The amendment of T.R. 72(D) came about as a result of input from the bar of Indiana. It was emphasized that the former rule effectively required attorneys to continuously check the docket books of each court in which they had a case pending in order to protect their clients from forfeiture of appellate rights due to expiration of time caused by the attorney's ignorance of the existence of a ruling or order.

*614 In response this court amended T.R. 72(D) to its present form to provide essentially that counsel could rely on the clerk's office to send notice and if such notice was not received, to provide an avenue through which to challenge the mailing of the notice. If the docket book is clear on its face that notice was mailed, then such a challenge is precluded. However, if the docket book is unclear and no other written evidence of the mailing exists, it is proper for the trial court to entertain a motion based on that premise.

Here, there were two distinct orders entered the same date and in the same paragraph. The handwritten notation of the attorneys' names evidences that some notice was sent to each counsel. However, the notation does not follow the ruling on the motion to correct error. Had it so followed, then the docket on its face would be sufficient to preclude challenge. Since it does not directly follow and does not mention that notice of both orders was mailed, the question of notice was open for consideration.

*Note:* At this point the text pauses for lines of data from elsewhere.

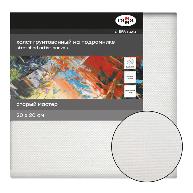 Холст на подрамнике из серии "Старый мастер" от ГАММА предназначен для профессиональной живописи. Ткань - 100% лён высокого качества. Это идеальная основа для работы масляными, акриловыми и темперными красками. Трехслойный акриловый грунт сохраняет чистоту цветов и оттенков. Плотность 370г / м2 подходит для письма, лессировки, портретов и эскизов. Модульный подрамник выполнен из натуральной сосны, клинья для натяжки холста в комплекте.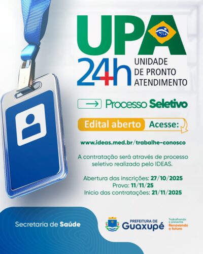 A Prefeitura de Guaxupé, por meio da Secretaria Municipal de Saúde, anunciou a abertura do processo seletivo para a Unidade de Pronto Atendimento (UPA 24h).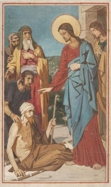 „Есть же в Иерусалиме у Овечьих ворот купальня, называемая по-Еврейски Вифезда, при которой было пять крытых ходов; / В них лежало великое множество больных, слепых, хромых, иссохших, ожидающих движения воды; / Ибо Ангел Господень по временам сходил в купальню и возмущал воду, и кто первый входил в нее по возмущении воды, тот выздоравливал, какою бы ни был одержим болезнью. Тут был человек, находившийся в болезни тридцать восемь лет. Иисус, увидев его лежащего и узнав, что он лежит уже долгое время, говорит ему: хочешь ли быть здоров? Больной отвечал Ему: так, Господи; но не имею человека, который опустил бы меня в купальню, когда возмутится вода; когда же я прихожу, другой уже сходит прежде меня. Иисус говорит ему: встань, возьми постель твою и ходи. И он тотчас выздоровел, и взял постель свою, и пошел“.Ин. 5, 2–9. Иисус Христос. СПб, 2000. С. 143.
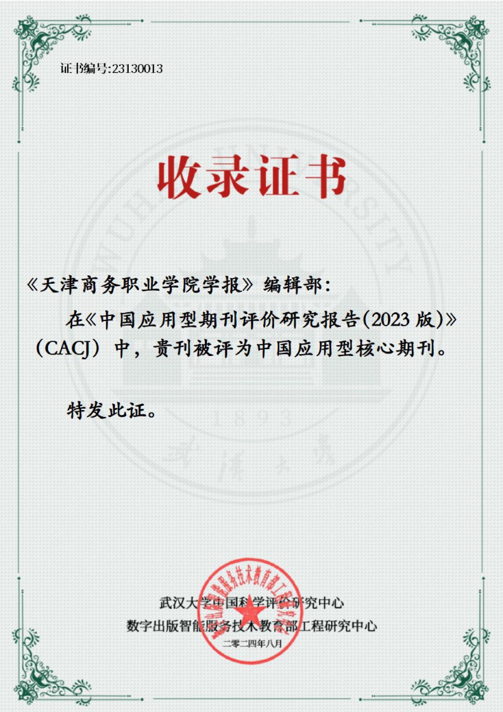 近日,《中國應用型期刊評價研究報告(2023版)》(CACJ)發(fā)布,我校主辦的《天津商務職業(yè)學院學報》入選“中國應用型核心期刊”。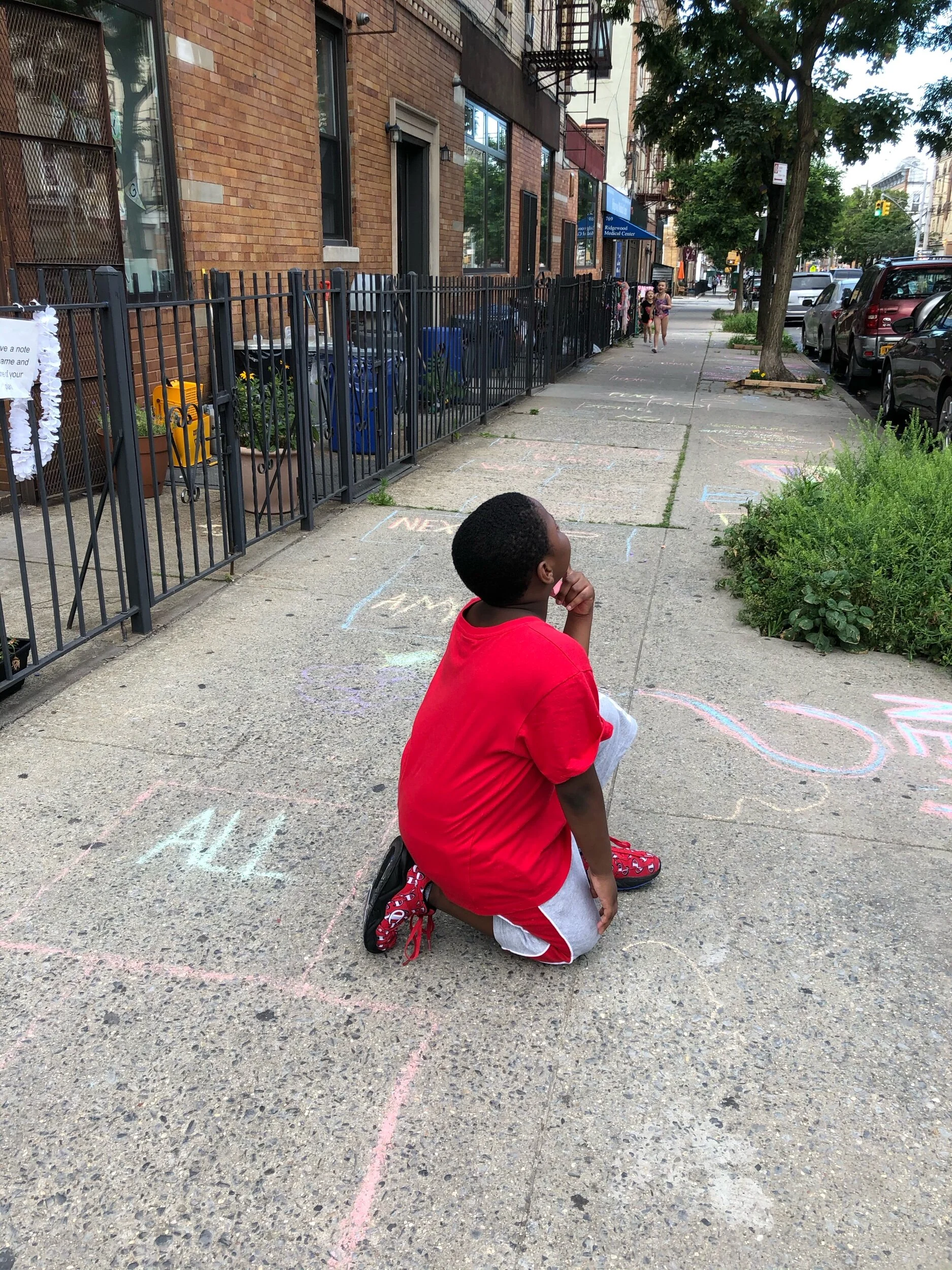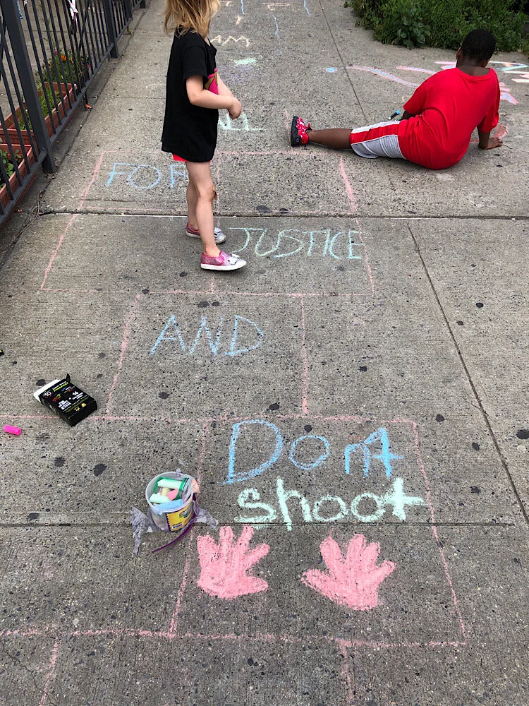 As a means of bringing young people into the national conversation on race, social justice hopscotch was devised in the context of a larger work, entitled Act / Remember. This site - specific installation will premiere June 20th, 2020 as part of the National Arts Drive. Participants will be invited to engage actively and creatively, in a social justice - themed hopscotch board that serves as and educational tool. Act / Remember is bringing attention to racially charged police violence through chalk drawn text, illustrations, and projected film. This work is suitable for all ages. It is crucial to bring young people into this conversation now, in ways that are age appropriate, factual, and open - ended. Through creative encouragement, any and all individuals are invited to process, ponder, and participate in the work, thus the conversation at large. Giving young people this space to be welcomed and heard builds confidence and cultivates a genuine interest in learning.
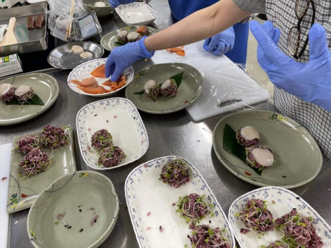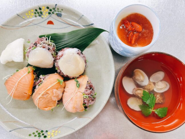 手まり寿司には、「コア・フード野付の秋鮭スモークサーモン」「コア・フード野付のほたて」を使用し、とても豪華なランチになりました!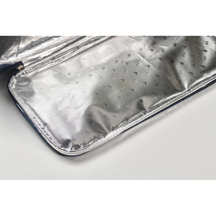 Piknik rashladna torba od 600D RPET poliestera za 2 osobe s prednjim džepom s patentnim zatvaračem. Uključuje pribor za jelo od nehrđajućeg čelika, 2 tanjura od PS-a, 2 čaše od PS-a i 2 pamučne salvete. Zapremina: 18 L.

A hearing was held and both sides presented evidence. We review the determination of the trial court only for abuse of discretion. Here, the evidence could reasonably support the conclusion that the order granting stay of third-party proceedings was the only document mailed to counsel. The deputy clerk may have inadvertently failed to include a copy of the docket entry or believed the written order on the stay covered both rulings. Since the notation in the docket did not specifically relate what was mailed, the trial court did not abuse its discretion by invalidating the November 23, 1985 denial of ISTA's motion to correct errors.

The opinion of the Court of Appeals is hereby vacated and the order of the trial court granting ISTA's T.R. 60(B) motion is affirmed and reinstated.

SHEPARD, C.J., and GIVAN, PIVARNIK and DICKSON, JJ., concur.